($a$ real number) So if $\frac{1}{4}<a<\frac{1}{3}$ prove that $\frac{10}9<R(a)<\frac{11}{6}$
where R(x)=$(2x-1)(x+1)(x-3)=2x^3-5x^2-4x+3$
So my idea was to do the same operations in $R(x)$ to $a$, I mean:
$$...<2a^3<...\\ ...<-5a^2<... \\ ...<-4x<... \\ ...<3<...$$ then I combine all of them. But this method takes lot of paper and a lot of time and I'm not sure if I will get a precise result. So is there a more efficient way to do it. Thank you in advance
On
$R(x)$ can be differentiated to yield the slope which is $R'(x) = 6x^2- 10x -4$. Notice that $x=2$ is a root of this quadratic. Let $R'(x)=k(x-a)(x-b)$ It is easy to see that $kab=-4$ where $k=6$, thus the other root is $\frac{-4}{ka}=\frac{-1}{3}$. Thus the derivative is negative between $x=-\frac{1}{3}$ and $x=2$. Thus the function is monotonically decreasing.
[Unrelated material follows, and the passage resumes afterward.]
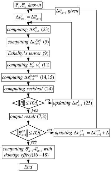 Based on the completed stress–strain curves by the above iteration, the shear-band density ρ is determined, and then the overall elasticity is given. Based on Equations (16)–(18), the stress–strain curves for the BMGCs can be re-evaluated by involving the damage effect. The above-mentioned numerical implementation procedure is illustrated by the flowchart in Figure 1, and a Fortran code was programmed to predict the stress–strain relations of BMGCs.

You only need to plug in the values of $\frac{1}{4}$ and $\frac{1}{3}$ to find the upper and lower bounds respectively. Hope that helps. Have a graph of the function to help visualize.
Here's an alternate way to get the root, we'll call the derivative $g(x)$
$g(x) = 6x^2 - 10x - 4$
$g(x) = 6x^2 - 12 x + 2x - 4$
$g(x) = 6x(x-2) + 2(x-2)$
$g(x) = (x-2)(6x+2)$
Putting $g(x)=0$,
$(x-2) = 0 $ OR $(6x+2)=0$ [Either one of the factors must be zero]
$x=2$ OR $x=-\frac{1}{3}$
Hint:
If $p>0$ then from $\frac{1}{4}<a<\frac{1}{3}$ it follows directly that $\frac{p}{4}+q<pa+q<\frac{p}{3}+q$. You could apply that on the factors $2a-1$, $a+1$ and $a-3$. Based on these restrictions conclusions are possible (I hope, and didn't check that) for the product.